武馬久仁裕『ある晴れた日、ポルトガル』(SHIMAUMA PURINT)、挟み込まれた便りには、「興に乗ってこのような物を作ってみました」とあった。
文庫本サイズの36ページほどのフルカラー印刷で瀟洒な作り。武馬久仁裕の句に、エッセイ、背景の写真も絵も、たぶん彼のものだ。写俳亭の伊丹三樹彦に先例があるが、実に多彩で、旅でのものも多く、醸し出す愉しさからいえば、武馬の本書に軍配が上がるかも知れない。一例をあげておくと、左ページに「七月の岬存在証明書」の句が「Cabo da Roka」の写真に白抜き文字で入り、右には写真の下に、
ユーラシア大陸最西端、ロカ岬に立った。碑には「ここに地終り海始まる」とある。かつて、わが師、小川双々子は「月明の甘蔗畑に詩は棄つべし」と詠った。私は、眼下の大西洋を見つめながら、自分の俳句のことを考えた。
としるされている。あるいはまた、
アゲタの町は、傘の町。
町中、色とりどりの傘が道の上に浮かんでいる。
昔見た「シェルブールの雨傘」のカラフルな傘の群舞を思い出した。

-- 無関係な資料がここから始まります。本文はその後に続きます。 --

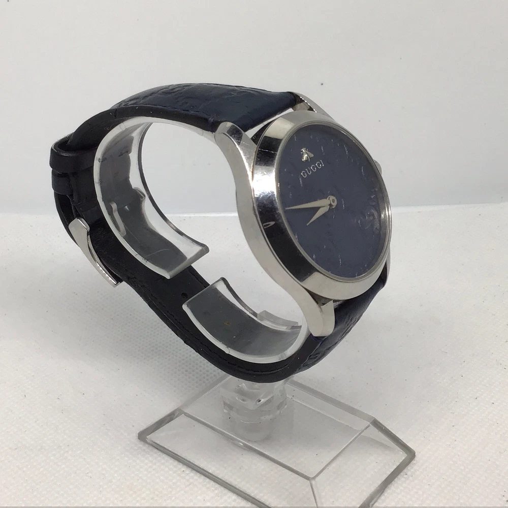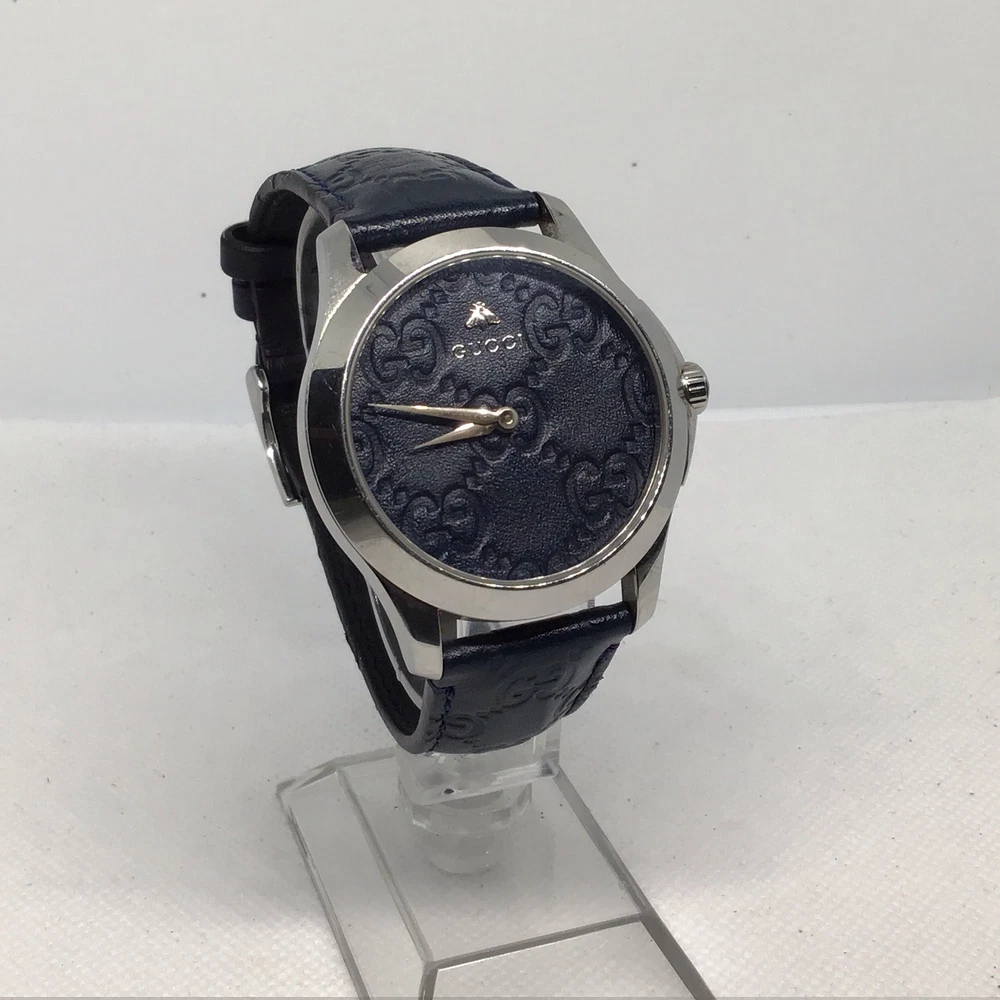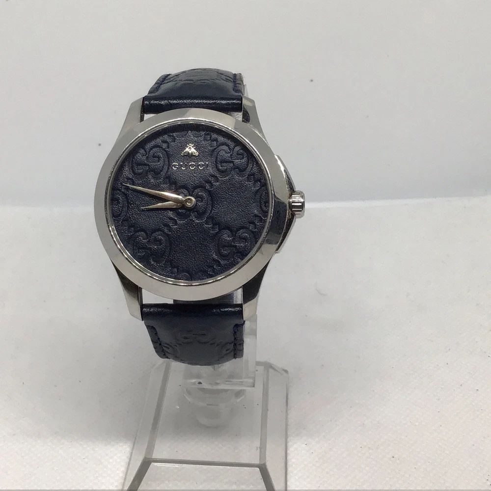 Condition: Pre-owned Description: A Modern Classic with Timeless Style Elevate your wrist with this authentic Gucci G-Timeless men's watch, a perfect blend of high fashion and Swiss craftsmanship. This timepiece features a classic stainless steel case and a sophisticated blue dial that often showcases Gucci's iconic motifs, such as the bee or star. The watch is presented on a comfortable and stylish blue leather strap, providing a pop of color and a luxurious feel. Whether powered by a precise Swiss quartz or an automatic movement, this watch is designed to offer both impeccable style and reliable timekeeping. It is a bold statement piece perfect for both casual and dressy occasions. This pre-owned watch is in good, working condition and is a great value for those seeking a stylish and dependable timepiece from a respected brand. Please see the detailed photos for an accurate representation of its current state. Key Features & Specifications: • Brand: Gucci • Model: G-Timeless • Case Material: Stainless Steel • Case Dimensions: Approximately 40mm diameter • Dial: Blue with signature Gucci motifs • Crystal: Scratch-Resistant Sapphire • Movement: Swiss Quartz or Automatic (please check photos of the case back) • Band: Blue Leather Strap • Water Resistance: 50m (5 ATM), suitable for splashes and light rain. • Condition: Pre-owned, with minor signs of wear consistent with a used item. No original box or papers included. The watch is fully functional and a new battery has been installed (if applicable) to ensure it is ready to wear. Important Notes for Buyers: • Visual Condition is Key: This is a pre-owned item. Please examine all the provided high-resolution photos carefully to assess the watch's condition for yourself. The pictures are an integral part of the listing description. • What's Included: This listing is for the watch only. It does not come with its original box or papers. • Shipping & Handling: Your purchase will be shipped with care. Please allow for a 3-day handling period. • Returns: We offer a 2-week return period for this item. The watch must be returned in the same condition it was received. Buyer is responsible for return shipping costs unless the item is not as described.

あれは、上から撮られていたが。
カトリーヌ・ドヌーブは美しかった。
燃えつきた男女バスコダガマ通り
誰だろうポストに恋文入れたのは
軋轢の果てに昼顔咲いている
恋すればレールを踏んで歩く街
曖昧な終着駅に光あれ
fadの夜やがて深紅の話する
武馬久仁裕(ぶま・くにひろ) 1948年愛知県生まれ。